Keywords: machine learning, neural networks, optimization, suboptimal solutions, mathematical games.
Abstract. Since the very beginning, there has been a fruitful exchange between machine learning and optimization. While machine learning exploits optimization models and algorithms, it simultaneously poses problems which often constitute optimization challenges. This cross- fertilization is particularly evident nowadays. Many applications produce data that have to be processed and many other applications are based on data that have already been processed. In society, data-producers and data-consumers continuously exchange their roles. At the same time, scientists generate and collect huge amounts of data and need to develop methodologies for data analysis. This requires the use of ever more powerful approaches and techniques. Among these improvements, those coming from the field of optimization and game theory surely play a basic role. In this talk, I provide a non-technical review of some optimization paradigms and machine- learning techniques used in my research and I emphasize some aspects at the confluence of these two disciplines. Then, I focus on some optimization problems that exploit machine learning and game-theoretical optimization models. The interplay between machine learning and optimization continues to develop, and its benefits are there for all to see.

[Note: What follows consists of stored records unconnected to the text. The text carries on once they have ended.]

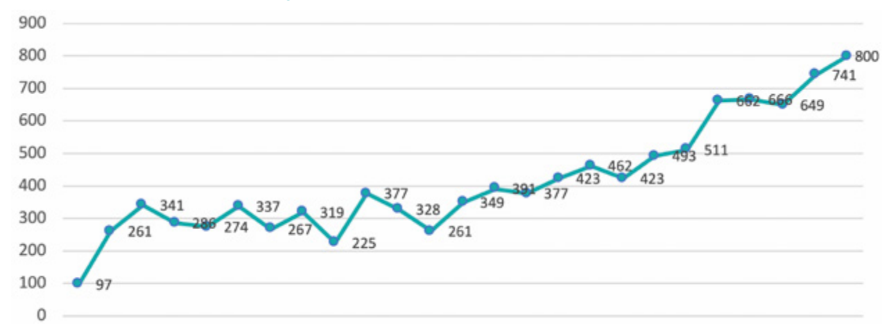
CEBAF Tumbes - Peru entries from August 1 to 25, 2019

Between August 1 and 25, 2019, more than 10,300 Venezuelans entered Peru through the border points with Ecuador. The average influx remained around 400 people a day. Ten days prior to entry into force of the visa requirements, it increased, averaging 800 people daily.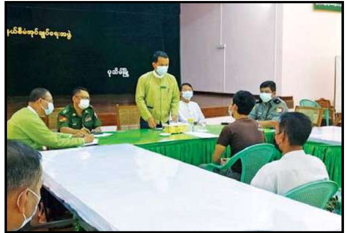
Patheingyi city of Ayeyarwady region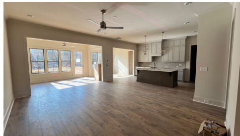
Construction Update: November 2025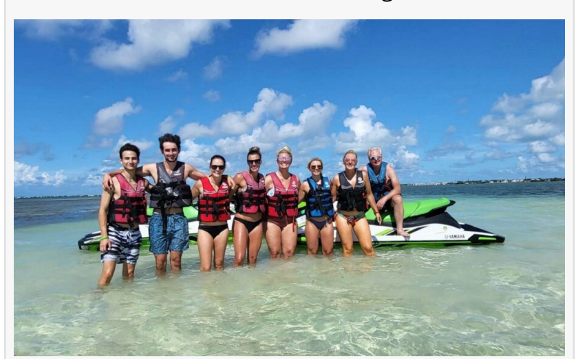
What better way to reset your mind then on the beach!

This press release can be viewed online at: https://www.einpresswire.com/article/816479467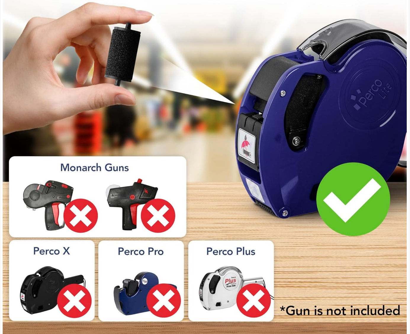
Image 2: Ink Replacement for Perco Lite Guns. This image illustrates the correct ink roller for Perco Lite guns and shows incompatible models (Monarch, Perco X, Perco Pro, Perco Plus) with red 'X' marks, emphasizing compatibility.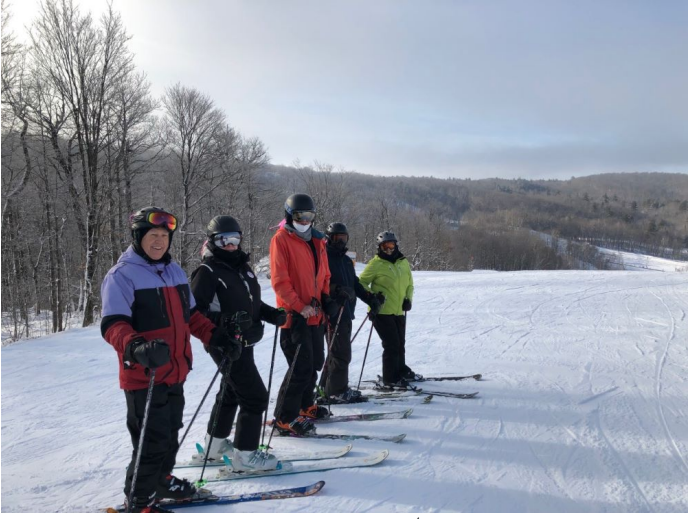
Dec. 20 2022 – Camp Fortune – 1 st DH ski of the season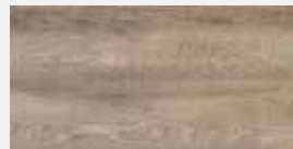
CHEYENNE 8153 MAIN ST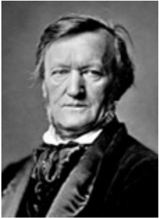
Richard Wagner - "Tristan und Isolde", Prelude

Listening to classical music can be very relaxing and can help you feel calm and at ease. Today listen to this piece of music by Richard Wagner and discuss together how it made you feel.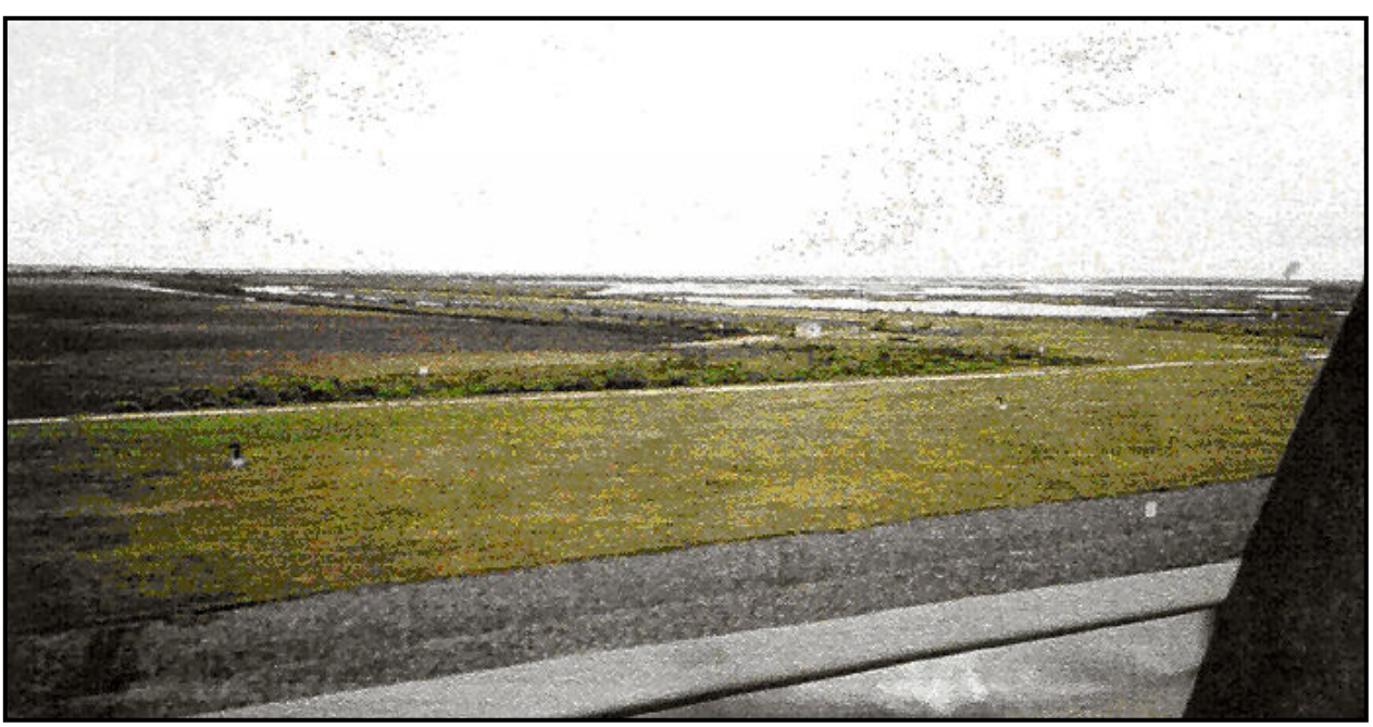
View from the Rainbow Bridge looking west at the East Dike Area

Short bio. Marcello Sanguineti is Full Professor of Operations Research at the University of Genova. He is also Guest Scholar at the AXES (Analysis of compleX Economic Systems) Research Unit of IMT-School of Advanced Studies (Lucca, Italy) and Research Associate at the Institute for Marine Engineering of the National Research Council of Italy. He co- authored over 200 research papers in archival journals, book chapters, and international conference proceedings, and the book “Neural Approximations for Optimal Control and Decision” (Springer, Communications and Control Engineering Series, 2020). His main research interests are infinite-dimensional programming, machine learning, complex networks analysis, mathematics of neurocomputing, network and team optimization, optimal control, and affective computing. Prof. Sanguineti was a member of the Program Committees of several conferences, Chair of the Organizing Committee of the Int. Conf. ICNPAA 2008, and member of the Organizing Committee of the Int. Conf. on Optimization and Decision Science, 2019. He coordinated several national and international research projects on approximate solution of optimization problems and mathematics of neurocomputing. He is Area Editor of the journal Soft Computing and member of the Editorial Boards of the IEEE Transactions on Neural Networks and Learning Systems, Neural Networks, Neurocomputing, and Neural Processing Letters.